2. Davacı kadın vekilinin temyiz itirazlarının incelenmesine gelince;

a) Tarafların tespit edilen ekonomik ve sosyal durumları, boşanmaya yol açan olaylardaki kusur dereceleri, paranın alım gücü, kişilik haklarına yapılan saldırı ile ihlâl edilen mevcut ve beklenen menfaat dikkate alındığında davacı kadın yararına takdir edilen maddî ve manevî tazminat az olup, bozma ilâmının amacına uygun bulunmamıştır. 4721 sayılı Kanun'un 4 üncü maddesindeki hakkaniyet ilkesi ile 6098 sayılı Kanun'un 50 nci ve 51 inci maddesi hükümleri dikkate alınarak daha uygun miktarda maddî ve manevî tazminat takdiri gerekir. Bu yönler gözetilmeden hüküm tesisi doğru bulunmamıştır.
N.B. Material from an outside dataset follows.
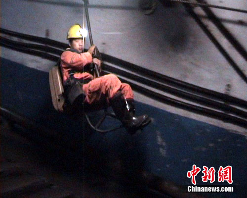 隨后記者跟隨救援隊(duì)進(jìn)入井下,幾名礦工正在沖洗巷道。旁邊就是入井隧道,也是通往井底的唯一道路,救援人員正坐著吊車慢慢滑入深600多米的井底,全力搜救下落不明的礦工。
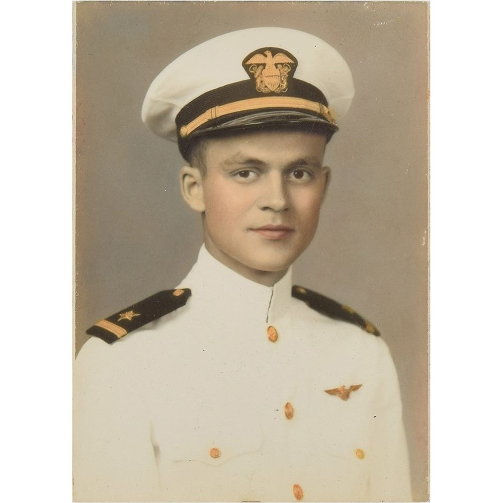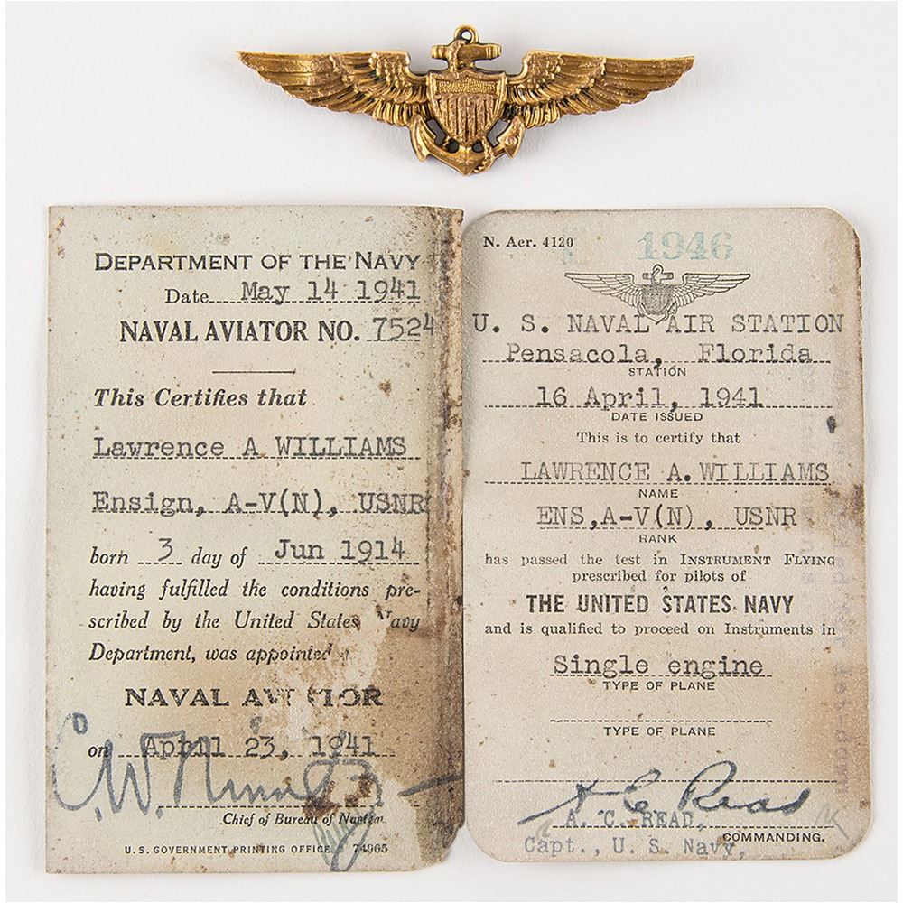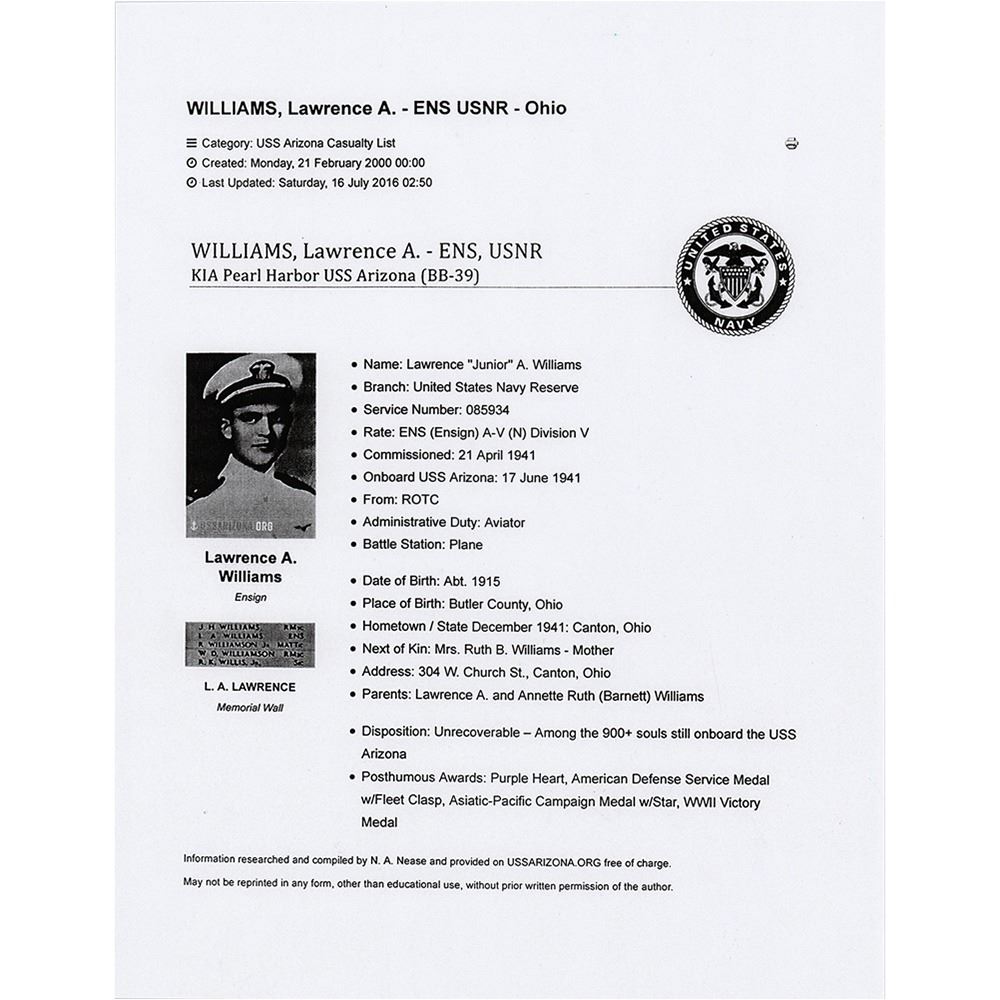 Williams was born in Ohio on June 3, 1914, to Lawrence W. and Ruth Williams of Oxford Township. Williams attended Miami University (Ohio) School of Architecture and graduated in June of 1936 with a B. Arch. He began his career as an apprentice soon afterward, while also working in a local hardware store as an electrician (his pre-military career is listed in a handwritten letter he wrote to accompany his application for naval flight training, and a copy is included with the lot). He initially enlisted as a Seaman, 2nd Class in the US Naval Reserves in May of 1940, and was subsequently discharged on October 3, 1940, in order to report for training as a Naval Aviation Cadet at NAS Pensacola, Florida. Williams successfully graduated 42nd in his class as a full-fledged Naval Aviator and was commissioned an Ensign on April 21, 1941. He was assigned to Observation Squadron 1 (VO-1) and billeted aboard the USS Arizona (BB-39), flying a Vought OS2U ‘Kingfisher’ floatplane (reg. no. 1-0-3). He was killed when Arizona’s forward magazine exploded during the surprise Japanese attack on December 7, and his remains were deemed ‘not recoverable.’

b) Tarafların gerçekleşen sosyal ve ekonomik durumlarına, nafakanın niteliğine, günün ekonomik koşullarına göre ortak çocuk ... Zeynep yararına hükmedilen iştirak nafakası azdır. Mahkemece, 4721 sayılı Kanun’un 4 üncü maddesindeki hakkaniyet ilkesi de dikkate alınarak daha uygun nafakaya hükmedilmesi gerekir. Bu yön gözetilmeden yazılı şekilde hüküm kurulması usul ve kanuna aykırı görülmüş ve bozmayı gerektirmiştir.

c) Kişisel ilişki düzenlenirken çocuğun yüksek yararı, yaşı ve anne ve babalık duygusunun tatmini ve infaz edilebilir nitelikte olması hususları birlikte değerlendirilerek çocuğun kişisel gelişimine en uygun düzenleme tercih edilmelidir. Çocuk ile ana ve babası, düzenli kişisel ilişki elde etme ve bu ilişkiyi sürdürme hakkına sahiptir. Ana ve babası ayrı olan çocuğun ebeveynleriyle düzenli kişisel ilişki kurması ve bu ilişkiyi sürdürmesi çocuk için bir hak olduğu gibi, ana ve baba için de haktır. Kişisel ilişkinin düzenlenmesinde çocuğun bedeni ve fikri gelişimi yanında ana ve/veya babalık duygularını tatmin de önemlidir. Çocuk ile annesi arasında yeterli kişisel ilişki kurulamadığı taktirde güven duygusunun oluşamayacağı açıktır. Somut olayda ortak çocuğun bayramları anne ve baba yanında eşit şekilde geçirebilmesini temin edecek şekilde kişisel ilişki kurulması gerekirken, ortak çocuk ile baba arasında tüm dini bayramların 1 inci günü saat 09.00'dan, 2 inci günü saat 18.00' kadar kişisel ilişki kurulması doğru olmayıp, hükmün bozulması gerekmiştir.

VI. KARAR

Açıklanan sebeplerle;

1. Temyiz olunan Bölge Adliye Mahkemesi kararının davacı kadın lehine hükmedilen tazminatların miktarı, iştirak nafakasının miktarı ile kişisel ilişki süresi yönünden BOZULMASINA,

2. Davalı erkek vekilinin tüm temyiz itirazlarının reddi ile Bölge Adliye Mahkemesi kararının bozma kapsamı dışında kalan temyize konu diğer bölümlerinin 6100 sayılı Kanun'un 370 inci maddesinin birinci fıkrası uyarınca ONANMASINA,

Duruşma için takdir olunan 8.400,00 TL vekâlet ücretinin davalıdan alınıp davacıya verilmesine,

Başlangıçta alınmamış olan aşağıda yazılı temyiz giderinin temyiz eden davalıya yükletilmesine,

Peşin harcın istek halinde yatıran davacıya iadesine,

Dosyanın kararı veren Bölge Adliye Mahkemesine gönderilmesine,

13.06.2023 tarihinde oy birliğiyle karar verildi.